▶ The data
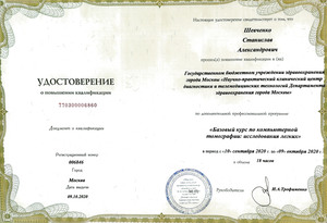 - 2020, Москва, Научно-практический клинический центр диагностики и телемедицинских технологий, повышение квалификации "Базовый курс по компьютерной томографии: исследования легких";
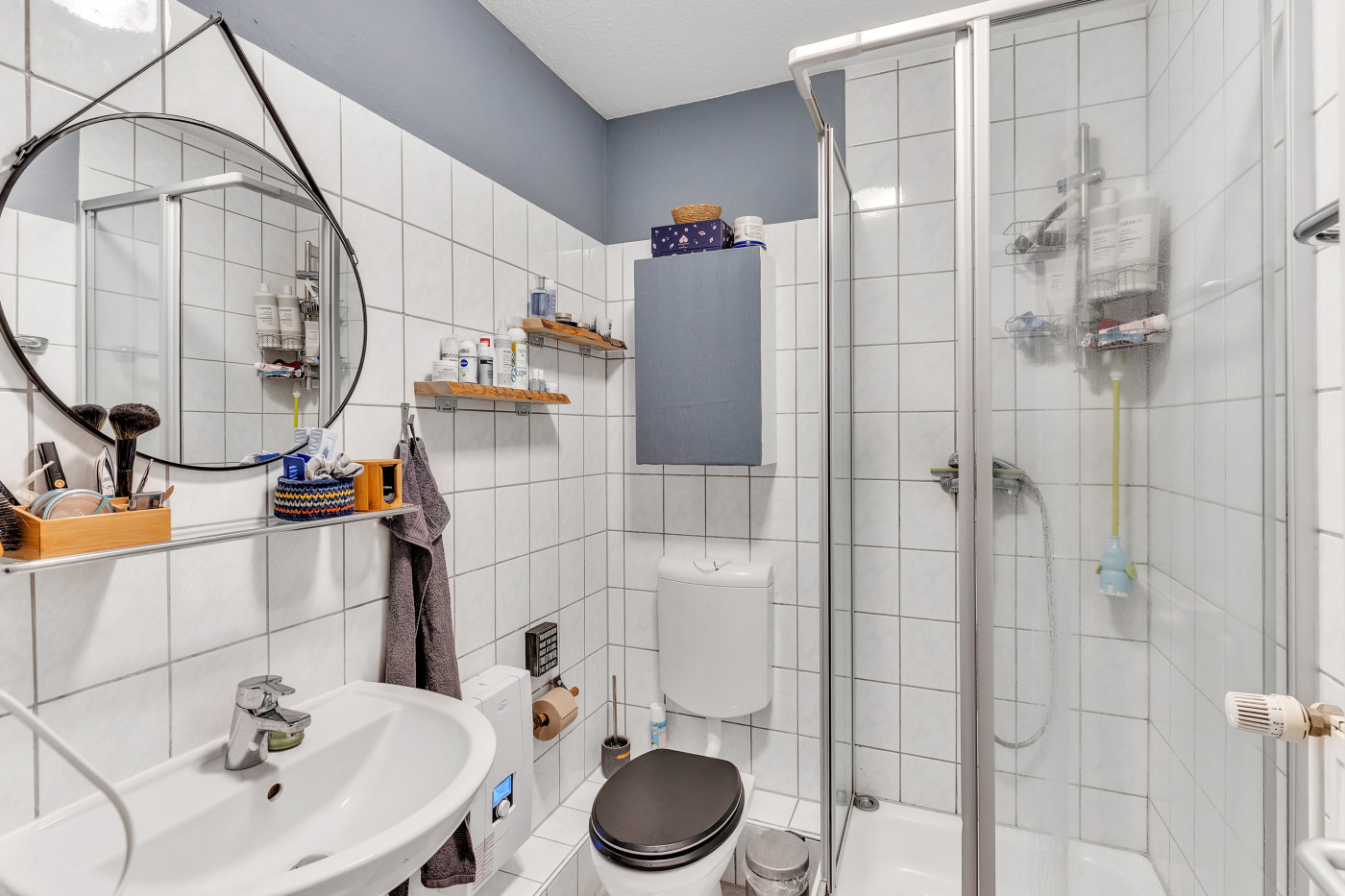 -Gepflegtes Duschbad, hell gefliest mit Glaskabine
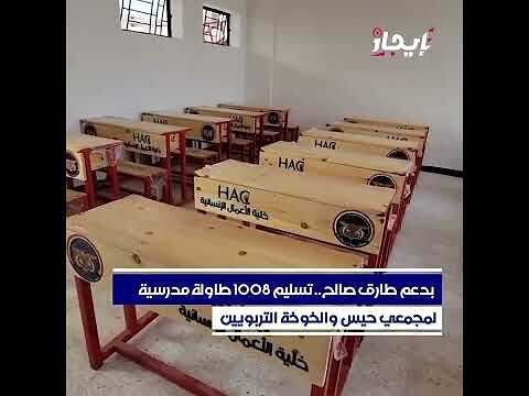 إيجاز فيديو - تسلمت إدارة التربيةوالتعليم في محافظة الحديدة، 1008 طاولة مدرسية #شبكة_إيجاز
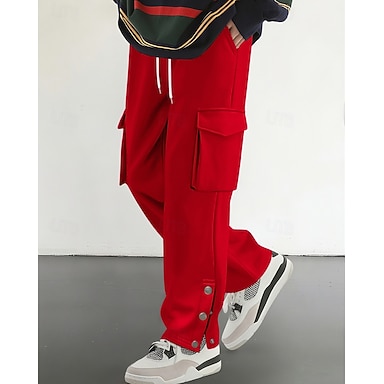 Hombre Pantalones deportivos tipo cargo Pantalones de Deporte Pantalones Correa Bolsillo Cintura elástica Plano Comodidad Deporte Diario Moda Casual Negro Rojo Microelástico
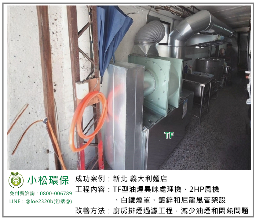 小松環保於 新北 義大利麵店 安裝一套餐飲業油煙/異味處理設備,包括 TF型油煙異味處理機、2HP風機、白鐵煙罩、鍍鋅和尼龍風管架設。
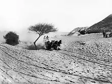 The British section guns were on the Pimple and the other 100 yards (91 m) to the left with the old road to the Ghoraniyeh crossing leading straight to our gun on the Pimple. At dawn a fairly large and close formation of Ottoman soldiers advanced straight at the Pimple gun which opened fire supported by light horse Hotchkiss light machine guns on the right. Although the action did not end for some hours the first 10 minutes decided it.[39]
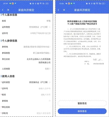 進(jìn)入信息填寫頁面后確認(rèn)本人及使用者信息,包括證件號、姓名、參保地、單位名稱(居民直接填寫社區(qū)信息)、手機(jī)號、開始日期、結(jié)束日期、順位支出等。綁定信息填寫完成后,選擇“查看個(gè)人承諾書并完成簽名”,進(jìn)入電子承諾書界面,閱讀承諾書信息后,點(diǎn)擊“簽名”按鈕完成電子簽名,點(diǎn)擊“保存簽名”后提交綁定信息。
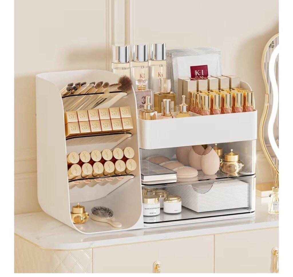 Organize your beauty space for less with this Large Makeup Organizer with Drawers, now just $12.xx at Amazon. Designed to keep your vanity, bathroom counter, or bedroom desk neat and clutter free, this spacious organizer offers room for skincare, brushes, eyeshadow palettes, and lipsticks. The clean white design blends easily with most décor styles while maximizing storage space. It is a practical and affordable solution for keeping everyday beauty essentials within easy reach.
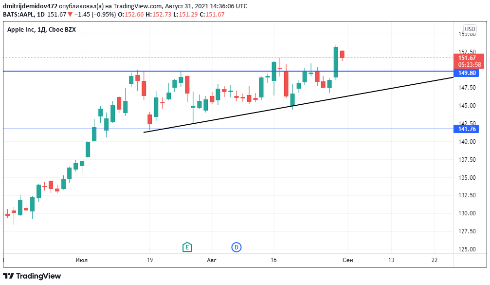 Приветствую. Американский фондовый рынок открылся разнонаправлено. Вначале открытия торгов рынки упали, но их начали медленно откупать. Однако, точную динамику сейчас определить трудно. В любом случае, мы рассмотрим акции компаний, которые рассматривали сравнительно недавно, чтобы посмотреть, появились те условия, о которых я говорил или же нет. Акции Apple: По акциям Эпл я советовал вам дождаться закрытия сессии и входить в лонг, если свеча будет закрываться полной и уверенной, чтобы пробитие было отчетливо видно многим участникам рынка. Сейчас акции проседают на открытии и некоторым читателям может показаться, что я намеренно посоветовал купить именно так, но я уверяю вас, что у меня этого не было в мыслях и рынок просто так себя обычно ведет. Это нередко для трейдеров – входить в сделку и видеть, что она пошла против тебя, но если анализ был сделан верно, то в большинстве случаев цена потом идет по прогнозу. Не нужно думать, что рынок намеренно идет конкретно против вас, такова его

▶ What the exercise asks
Transcribe the entries word for word, without their pictures.

▶ Exercise output
 - 2020, Москва, Научно-практический клинический центр диагностики и телемедицинских технологий, повышение квалификации "Базовый курс по компьютерной томографии: исследования легких";
 -Gepflegtes Duschbad, hell gefliest mit Glaskabine
 إيجاز فيديو - تسلمت إدارة التربيةوالتعليم في محافظة الحديدة، 1008 طاولة مدرسية #شبكة_إيجاز
 Hombre Pantalones deportivos tipo cargo Pantalones de Deporte Pantalones Correa Bolsillo Cintura elástica Plano Comodidad Deporte Diario Moda Casual Negro Rojo Microelástico
 小松環保於 新北 義大利麵店 安裝一套餐飲業油煙/異味處理設備,包括 TF型油煙異味處理機、2HP風機、白鐵煙罩、鍍鋅和尼龍風管架設。
 The British section guns were on the Pimple and the other 100 yards (91 m) to the left with the old road to the Ghoraniyeh crossing leading straight to our gun on the Pimple. At dawn a fairly large and close formation of Ottoman soldiers advanced straight at the Pimple gun which opened fire supported by light horse Hotchkiss light machine guns on the right. Although the action did not end for some hours the first 10 minutes decided it.[39]
 進(jìn)入信息填寫頁面后確認(rèn)本人及使用者信息,包括證件號、姓名、參保地、單位名稱(居民直接填寫社區(qū)信息)、手機(jī)號、開始日期、結(jié)束日期、順位支出等。綁定信息填寫完成后,選擇“查看個(gè)人承諾書并完成簽名”,進(jìn)入電子承諾書界面,閱讀承諾書信息后,點(diǎn)擊“簽名”按鈕完成電子簽名,點(diǎn)擊“保存簽名”后提交綁定信息。
 Organize your beauty space for less with this Large Makeup Organizer with Drawers, now just $12.xx at Amazon. Designed to keep your vanity, bathroom counter, or bedroom desk neat and clutter free, this spacious organizer offers room for skincare, brushes, eyeshadow palettes, and lipsticks. The clean white design blends easily with most décor styles while maximizing storage space. It is a practical and affordable solution for keeping everyday beauty essentials within easy reach.
 Приветствую. Американский фондовый рынок открылся разнонаправлено. Вначале открытия торгов рынки упали, но их начали медленно откупать. Однако, точную динамику сейчас определить трудно. В любом случае, мы рассмотрим акции компаний, которые рассматривали сравнительно недавно, чтобы посмотреть, появились те условия, о которых я говорил или же нет. Акции Apple: По акциям Эпл я советовал вам дождаться закрытия сессии и входить в лонг, если свеча будет закрываться полной и уверенной, чтобы пробитие было отчетливо видно многим участникам рынка. Сейчас акции проседают на открытии и некоторым читателям может показаться, что я намеренно посоветовал купить именно так, но я уверяю вас, что у меня этого не было в мыслях и рынок просто так себя обычно ведет. Это нередко для трейдеров – входить в сделку и видеть, что она пошла против тебя, но если анализ был сделан верно, то в большинстве случаев цена потом идет по прогнозу. Не нужно думать, что рынок намеренно идет конкретно против вас, такова его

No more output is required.